To generate template for riboprobe synthesis, amplified cDNAs were first cloned into pGEM (as above). Template was generated with same primers as were used for cloning, except that gateway adapters were not present on primers, and T7 promoter sequence was appended to the 3′ primer. Transcription reactions were performed with T7 (Promega) and either DIG-, FITC- (Roche), or DNP- (Perkin Elmer) labeled ribonucleotides. RNA was purified using ethanol precipitation with 7.5 M ammonium actetae (1∶2). Pellets were resuspended in formamide (50 µl per 25 µl synthesis reaction), and stored at −20°.
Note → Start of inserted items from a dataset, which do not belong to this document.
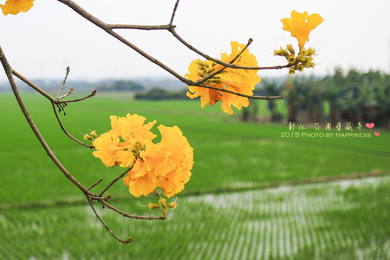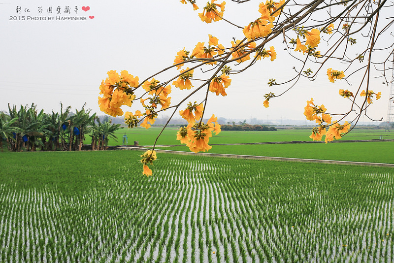 ▲▲▲彰南路上很多這樣的水田,翠綠的水田配上黃花的鮮豔,獨樹一格的美
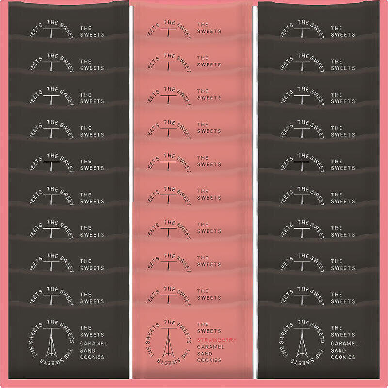 あまおう苺のフリーズドライを混ぜた濃厚なラングドシャ生地でキャラメルとチョコレートをサンドした苺キャラメルサンドとオリジナルフレーバーをセットにしました。
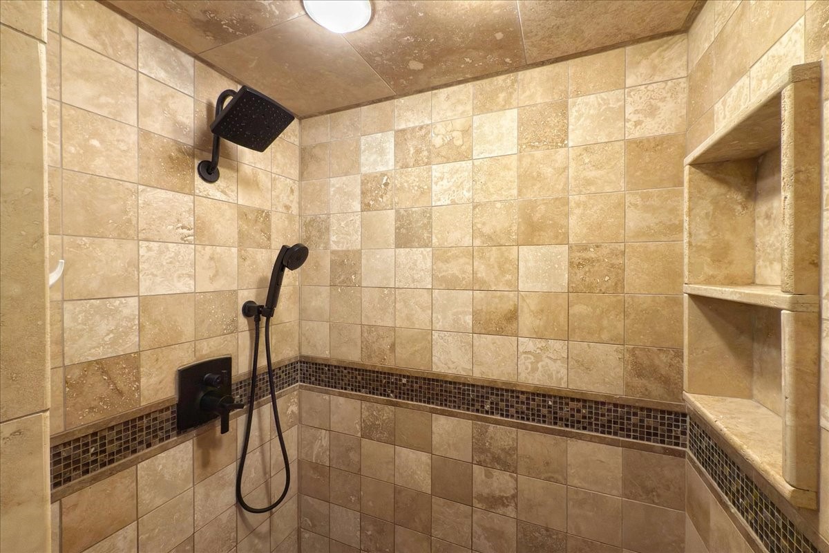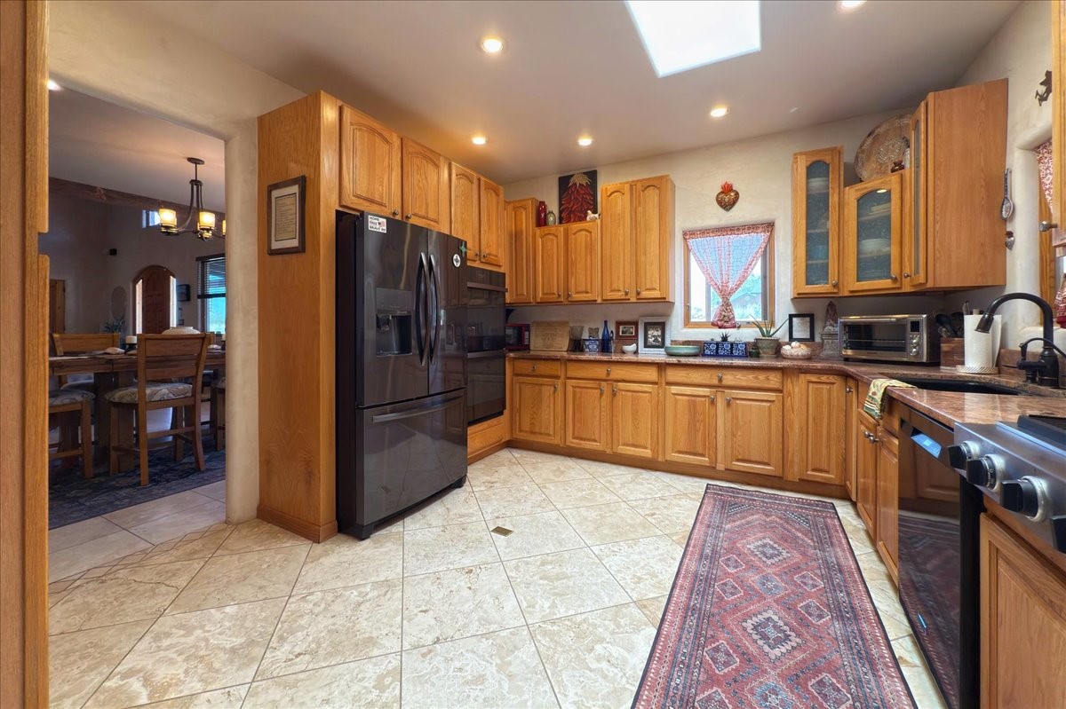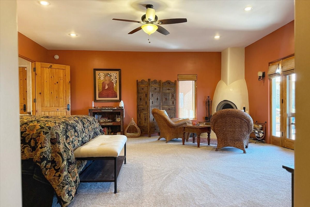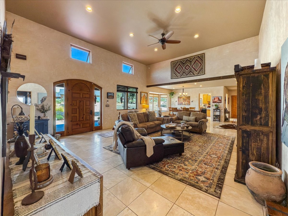 Discover this stunning updated home in the heart of Santa Fe on 1.4 acres of privacy, with Santa Fe touches and no HOA. This exquisite home boasts of natural light and plaster walls, 14' Ft. Ceilings, custom paint throughout, natural stone flooring in living room and kitchen, beautiful kitchen has granite counter tops, 6-burner Jenn Air range, brand newSmart-Double oven, Dual pane windows, updated flooring in every bedroom, all bedrooms have private suites, updated fixtures, two of three tubs are jetted, it's time to relax when you walk into your large primary suite, two separate walk-in closets, Kiva fireplace, each side of the bathroom has custom vessel sinks, separate shower, double doors that will lead you onto the brand new deck, radiant floor heating throughout including heating the garage for those cold nights, 6-zone heating zone, indoor laundry room, tankless water heater, New RO system, New water softener, New stucco 2024 with transferable warranty, propanol roof, stairs that lead you onto the TPO roof above the garage walk on up the stairs enjoy a 360 degree view of Sangre Cristo Mountains, walking and biking trails, new coyote fence and landscaping, new gas fire pit for those cozy nights, new concrete front patio, new screen doors, private well, new well pump, this home offers both luxury and convenience, 10 minutes from the plaza and major shopping. See attached list of upgrades. This home is turnkey and complete. Schedule your private tour today!
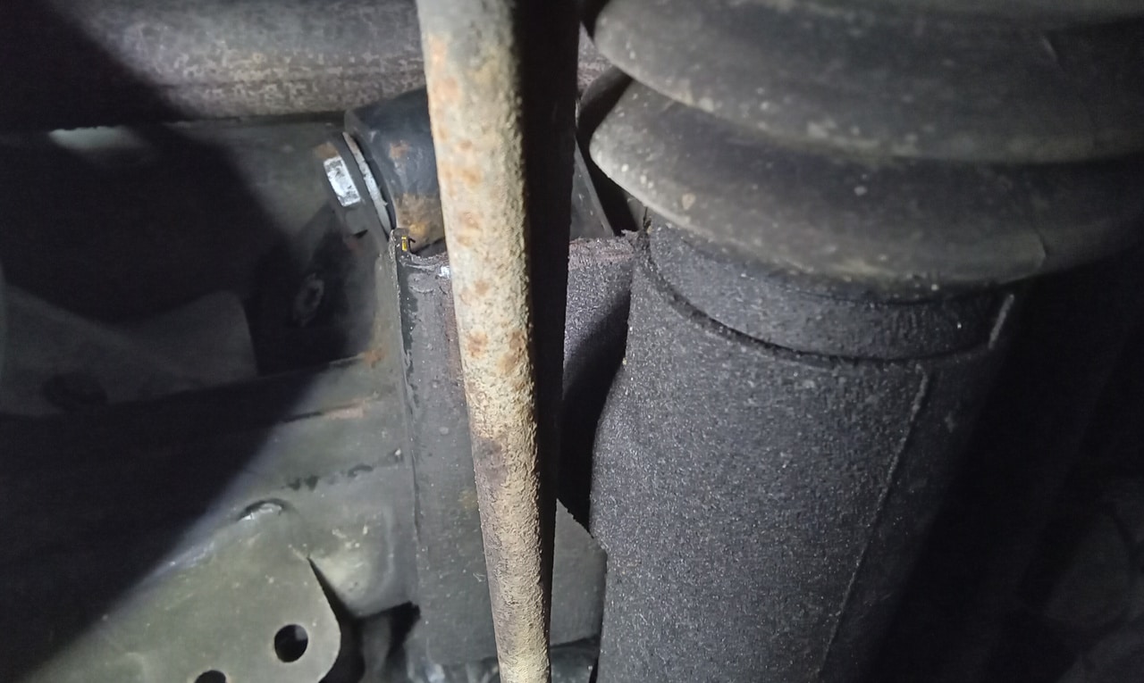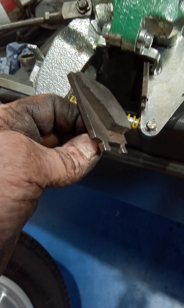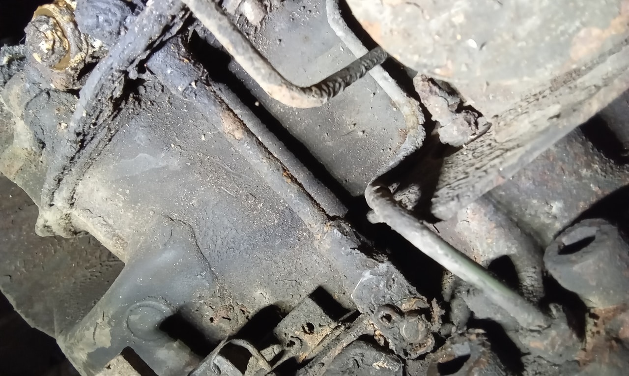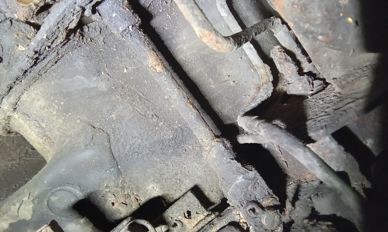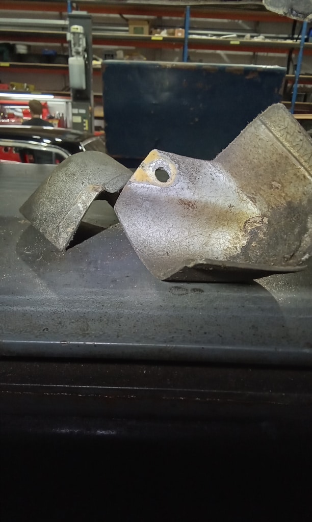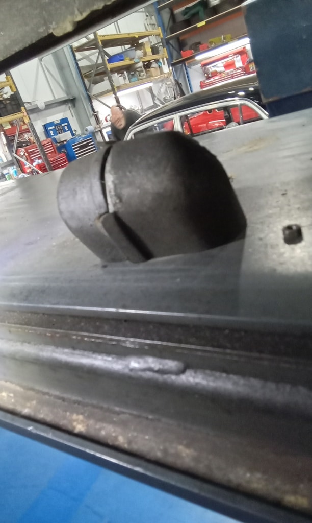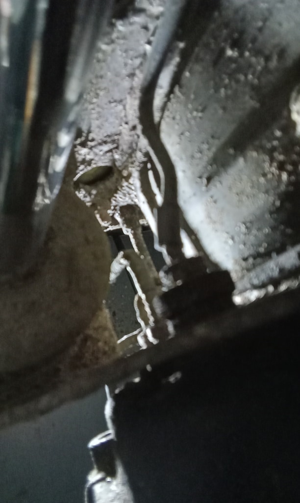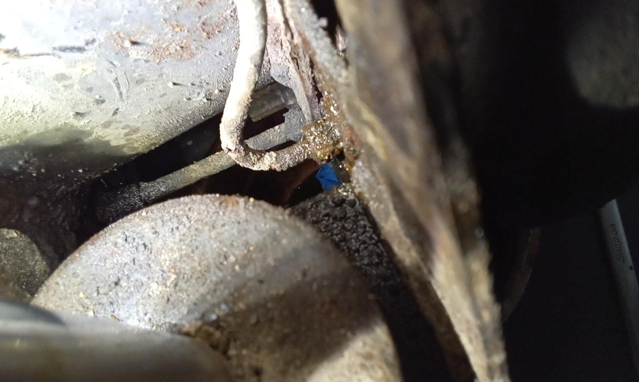 ‘Rear caliper arrived, so jack up and remove offside rear wheel. Caliper has 6 ports so draw diagram for reference. Strip and remove handbrake arm at inner end as clevis seized at caliper end. Remove all pipes. Pipe from inside to outside riu ded off and unable to access easily. Cut pipe and remove caliper. Strip and remove handbrake pads and clean. Lube and fit to new caliper. Clean all bolts etc.’
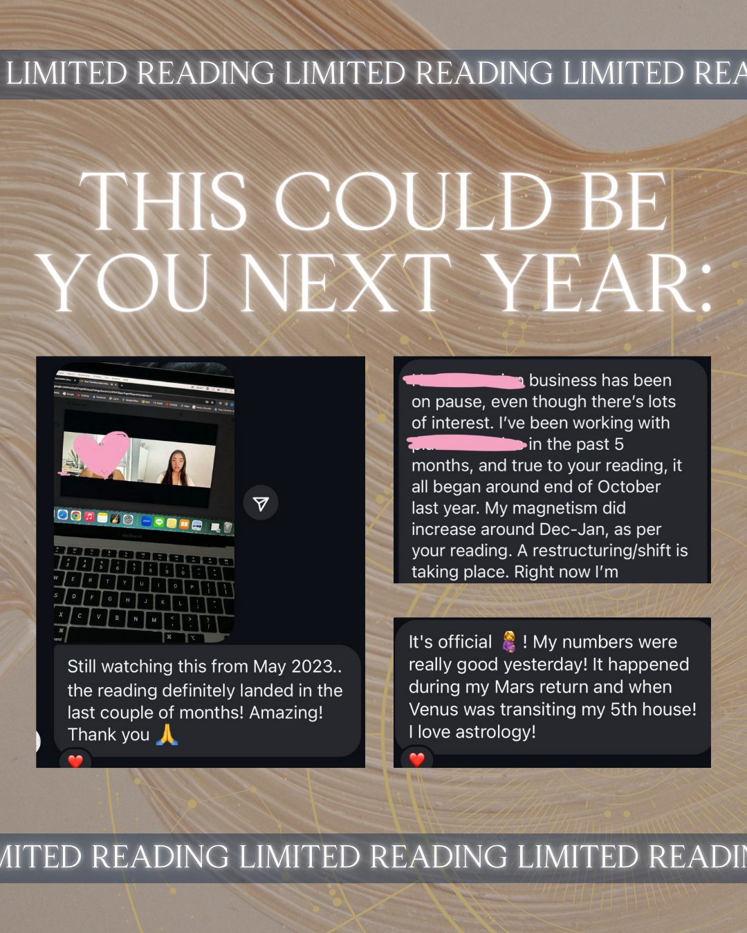 Honestly, horoscopes are useless - UNTIL you make them personal for YOUR chart. I'll be creating a timeline for you with specific key dates throughout the year when the planets align to support you in transforming, growing and creating the reality that you want to live!

To generate template for dsRNA synthesis in vitro, generic primers recognizing gateway adapter sequences were used with T7 appended to either the forward or reverse primer, and PCR was performed using amplified cDNA (with gateway adapters) cloned into pGEM. T7 transcription reactions for sense and antisense RNA were performed separately, and pooled prior to phenol-chloroform extraction followed by ethanol precipitation with sodium acetate (1∶10). RNA was annealed using the following program in a thermocycler: 70°C for 10′, 37°C for 30′, 4°C for 10′.

RNAi

RNAi was performed by feeding intact animals with E. coli expressing dsRNA under an inducible promoter. HT115 competent cells were transformed with pPR244 vector [57] containing the gene of interest. Negative control experiments used a 1 kb region of unc-22, a Caenorhabditis elegans gene with no significant nucleotide sequence similarity to a planarian gene. Cultures were grown in 2×YT media to an OD600 of 0.35–0.45, and then induced for two hours with 1 mM IPTG. Cultures were pelleted and resuspended in a volume of 70% liver/30% water equal to 1/300th of the original volume of the culture, and stored at −80°C. Worms were fed three times prior to amputation. Amputation was performed on the day following the final feeding, and worms were fixed following one round of regeneration. For targeted eye surgery, a microsurgical blade (MSP, 15°, 3 mm depth) was inserted into the eye and the optic cup was excised upon removal of the blade. Surgery was performed one day after the third RNAi feeding, and one additional feeding was administered 4 days after surgery. For homeostasis RNAi experiments, animals were fed every four days.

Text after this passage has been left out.